> Information supplied
============

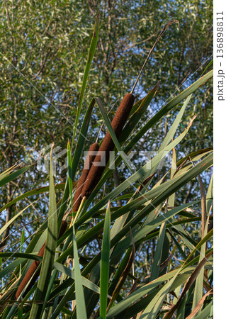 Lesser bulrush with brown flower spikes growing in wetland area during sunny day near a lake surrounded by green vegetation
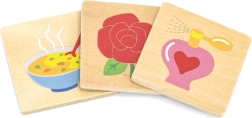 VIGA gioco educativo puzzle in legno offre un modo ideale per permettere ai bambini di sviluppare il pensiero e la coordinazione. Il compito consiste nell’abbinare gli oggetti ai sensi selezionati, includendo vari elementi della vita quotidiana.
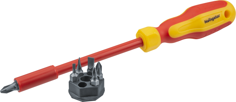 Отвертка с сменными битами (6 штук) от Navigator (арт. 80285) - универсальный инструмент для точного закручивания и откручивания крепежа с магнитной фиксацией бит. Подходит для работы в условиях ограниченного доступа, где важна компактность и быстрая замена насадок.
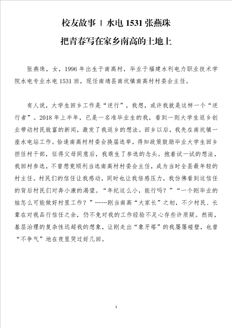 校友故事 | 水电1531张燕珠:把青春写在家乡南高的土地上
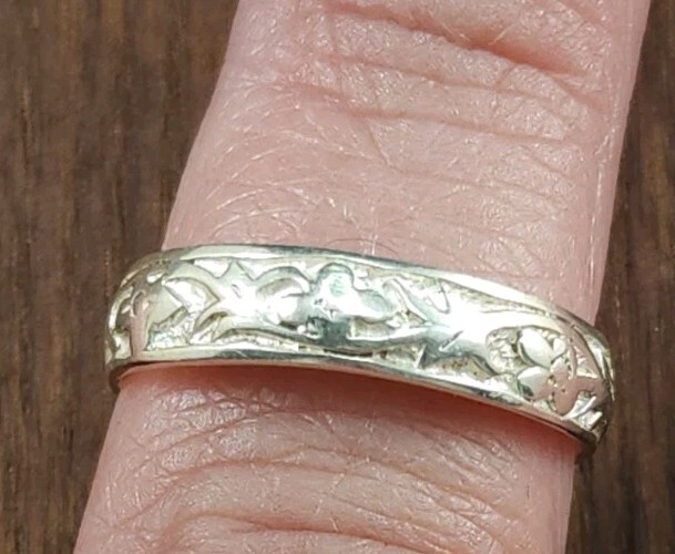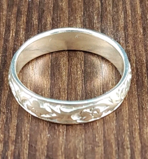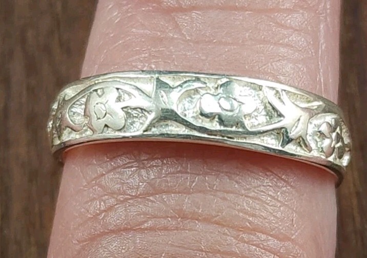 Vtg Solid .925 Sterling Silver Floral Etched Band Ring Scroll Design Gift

============

> Problem details
Write out exactly the run of lines above that starts at the line containing "VIGA gioco educativo" and ends at the line containing "校友故事 | 水电1531张燕珠:把青春写在家乡南高的土地上". Include both, and leave the pictures out.

> Output for this task
 VIGA gioco educativo puzzle in legno offre un modo ideale per permettere ai bambini di sviluppare il pensiero e la coordinazione. Il compito consiste nell’abbinare gli oggetti ai sensi selezionati, includendo vari elementi della vita quotidiana.
 Отвертка с сменными битами (6 штук) от Navigator (арт. 80285) - универсальный инструмент для точного закручивания и откручивания крепежа с магнитной фиксацией бит. Подходит для работы в условиях ограниченного доступа, где важна компактность и быстрая замена насадок.
 校友故事 | 水电1531张燕珠:把青春写在家乡南高的土地上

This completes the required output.